(Stored data entries)
════════════════════

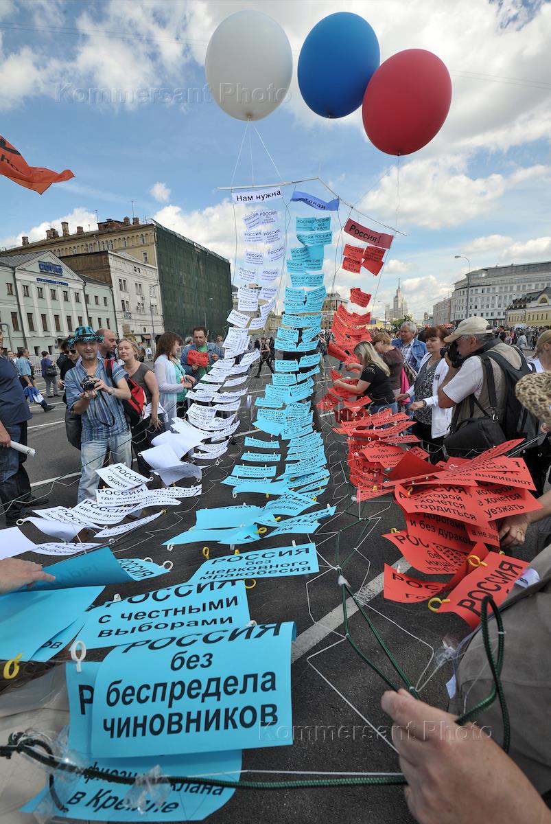Акция оппозиции "Марш против палачей" во время шествия от Калужской площади до Болотной. Листовки с надписью "Россия без пределов чиновников", "Россия с честными выборами".
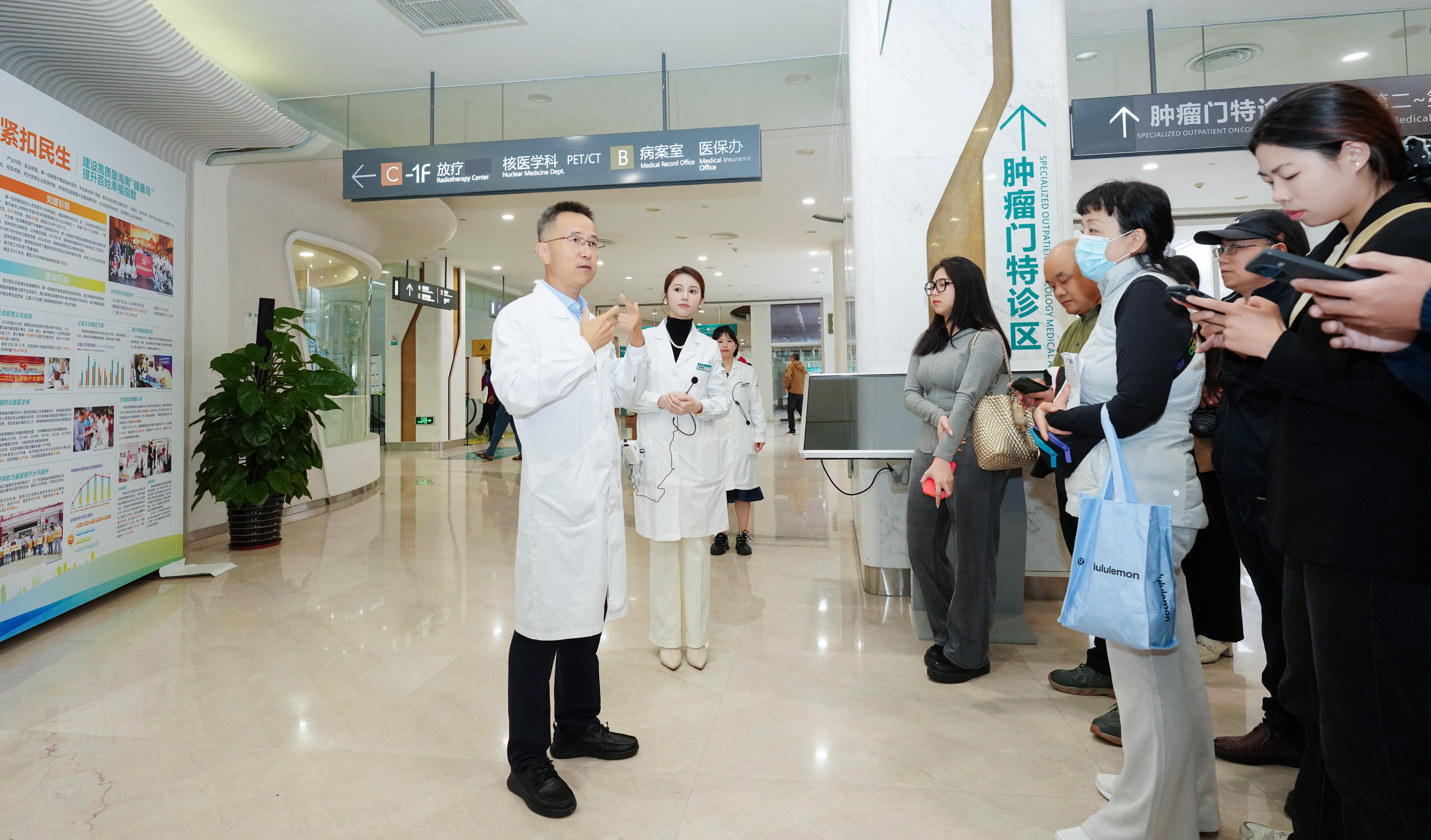 媒体记者一行先后来到医院一站式服务中心、肿瘤门特诊区、手术患者家属休息区、病理科、检验科、核医学科、放疗科、成美医院体检中心等功能区和核心区域参观,详细了解医院的先进医疗设备和医疗技术,现场感受医院的人文关怀和温馨服务。
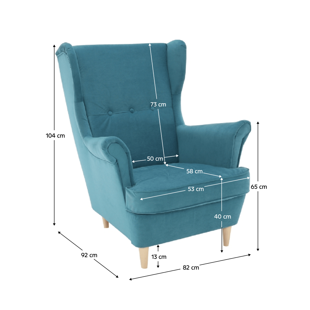 Materiál čalúnenie: látka Trinity 13Oderuodolnosť textílie podľa testu Martindale: 55 000 oderovFarba čalúnenie: petrolejová Materiál nohy: drevoFarba nohy: bukRozmery kresla (ŠxHxV): 82x92x104 cmVýška sedu: 40 cmHĺbka sedu: 58 cmVýška spodného priestoru od podlahy: 13 cmŠírka sedacej časti: 53 cmVýška chrbtovej opierky: 73 cmVýška od zeme po opierku: 65 cmNosnosť: 120 kgDrevené nožičkyDodávané v demonte
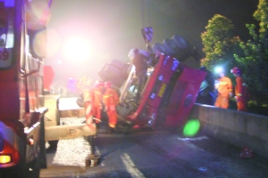 本报讯(通讯员 黄 忠 邓伟星)4月11日凌晨2时30分, 凤凰县消防大队接到报警:二级公路凤凰县民族体育中心路段,一辆满载黄磷的槽罐车在转弯处发生侧翻,三人被困情况危急,请求救援。接到报警后,凤凰大队火速赶往现场。 凌晨2时35分,大队官兵到达现场,针对现场情况,立即按照槽罐车事故处置方法进行了现场警戒。经勘察了解,此车车牌为贵A-48996,装有32吨黄磷,行至转弯处时由于刹车失灵,槽罐翻到在马路护栏外,车头侧翻在护栏上,驾驶员被方向盘卡住大腿,无法动弹,另外两名驾驶室内人员在路过的一位出租车司机的帮助下被救出,无大碍。 消防官兵在经过勘察以及有关技术人员对罐体进行鉴定,确定槽罐体无泄漏后,指挥员派专人负责看护罐体,一经发现泄漏立即发出信号。随后消防官兵对驾驶室进行了仔细勘察,首先利用液压扩张器对驾驶室进行扩张,但是发现变形的驾驶室空间太小无法实施扩张,于是指挥员立即调整救援方案,在现场交警、公安以及技术人员的配合下,利用紧急征调来的吊车慢慢将罐体提起,并移向马路中间,此时救援空间增大了,消防官兵立即利用液压剪、扩张器等救援工具, 4时,被困驾驶员被成功救出,并送往医院检查。 据了解,此次事故无人员伤亡,3名受伤人员均为轻伤。 |
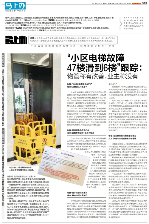 被点名单位深圳市茂业(集团)有限公司、崇德物业管理(深圳)有限公司介入处理单位罗湖市场监督管理局翠竹所、深圳市特种设备安全检验研究院南都讯 见习记者覃仕林 近期,深圳市罗湖区茂业·德弘天下华府小区电梯
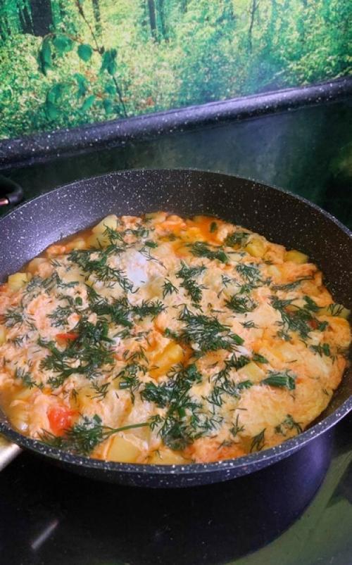 Рецепт весенней вкусняшки: два кабачка, два помидора, репчатый лучок порезать кубиками и на сковородку, обжарить на растительном масле, но не долго, минут 15, и залить четырьмя взбитыми яйцами минут на 5-7 под крышку. Сверху зелень. Ну очень ппвкусно, особенно когда остынет
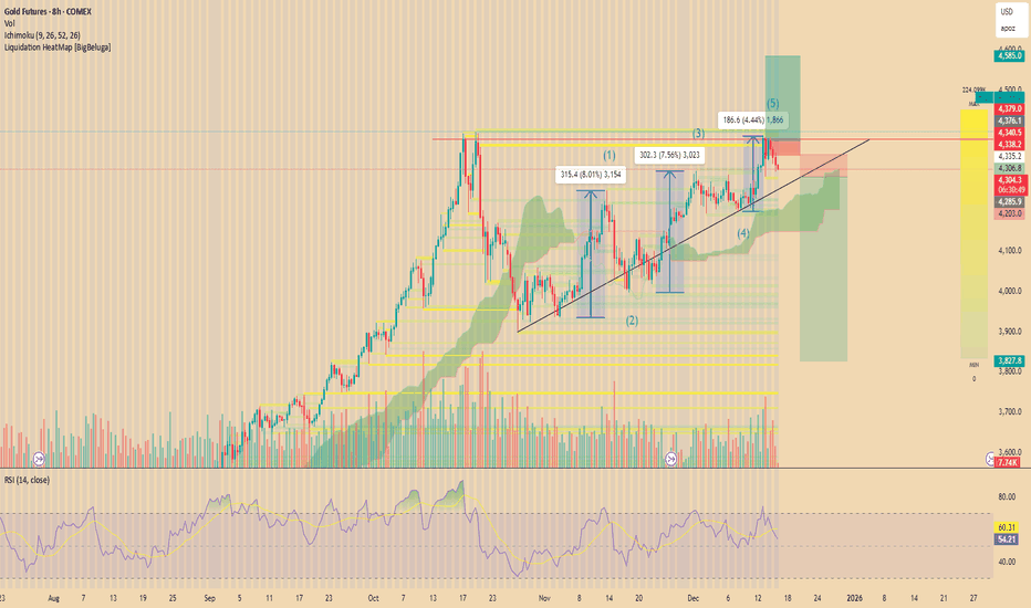 XAUUSD (H4) – Weekly Outlook (Dec 22–26)Buy the dip inside the channel, watch for a short-term correction after Wave 5

════════════════════

TASK ITEM: Please print the entries above exactly. Skip every picture.

YOUR RESPONSE:
Акция оппозиции "Марш против палачей" во время шествия от Калужской площади до Болотной. Листовки с надписью "Россия без пределов чиновников", "Россия с честными выборами".
 媒体记者一行先后来到医院一站式服务中心、肿瘤门特诊区、手术患者家属休息区、病理科、检验科、核医学科、放疗科、成美医院体检中心等功能区和核心区域参观,详细了解医院的先进医疗设备和医疗技术,现场感受医院的人文关怀和温馨服务。
 Materiál čalúnenie: látka Trinity 13Oderuodolnosť textílie podľa testu Martindale: 55 000 oderovFarba čalúnenie: petrolejová Materiál nohy: drevoFarba nohy: bukRozmery kresla (ŠxHxV): 82x92x104 cmVýška sedu: 40 cmHĺbka sedu: 58 cmVýška spodného priestoru od podlahy: 13 cmŠírka sedacej časti: 53 cmVýška chrbtovej opierky: 73 cmVýška od zeme po opierku: 65 cmNosnosť: 120 kgDrevené nožičkyDodávané v demonte
 本报讯(通讯员 黄 忠 邓伟星)4月11日凌晨2时30分, 凤凰县消防大队接到报警:二级公路凤凰县民族体育中心路段,一辆满载黄磷的槽罐车在转弯处发生侧翻,三人被困情况危急,请求救援。接到报警后,凤凰大队火速赶往现场。 凌晨2时35分,大队官兵到达现场,针对现场情况,立即按照槽罐车事故处置方法进行了现场警戒。经勘察了解,此车车牌为贵A-48996,装有32吨黄磷,行至转弯处时由于刹车失灵,槽罐翻到在马路护栏外,车头侧翻在护栏上,驾驶员被方向盘卡住大腿,无法动弹,另外两名驾驶室内人员在路过的一位出租车司机的帮助下被救出,无大碍。 消防官兵在经过勘察以及有关技术人员对罐体进行鉴定,确定槽罐体无泄漏后,指挥员派专人负责看护罐体,一经发现泄漏立即发出信号。随后消防官兵对驾驶室进行了仔细勘察,首先利用液压扩张器对驾驶室进行扩张,但是发现变形的驾驶室空间太小无法实施扩张,于是指挥员立即调整救援方案,在现场交警、公安以及技术人员的配合下,利用紧急征调来的吊车慢慢将罐体提起,并移向马路中间,此时救援空间增大了,消防官兵立即利用液压剪、扩张器等救援工具, 4时,被困驾驶员被成功救出,并送往医院检查。 据了解,此次事故无人员伤亡,3名受伤人员均为轻伤。 |
 被点名单位深圳市茂业(集团)有限公司、崇德物业管理(深圳)有限公司介入处理单位罗湖市场监督管理局翠竹所、深圳市特种设备安全检验研究院南都讯 见习记者覃仕林 近期,深圳市罗湖区茂业·德弘天下华府小区电梯
 Рецепт весенней вкусняшки: два кабачка, два помидора, репчатый лучок порезать кубиками и на сковородку, обжарить на растительном масле, но не долго, минут 15, и залить четырьмя взбитыми яйцами минут на 5-7 под крышку. Сверху зелень. Ну очень ппвкусно, особенно когда остынет
 XAUUSD (H4) – Weekly Outlook (Dec 22–26)Buy the dip inside the channel, watch for a short-term correction after Wave 5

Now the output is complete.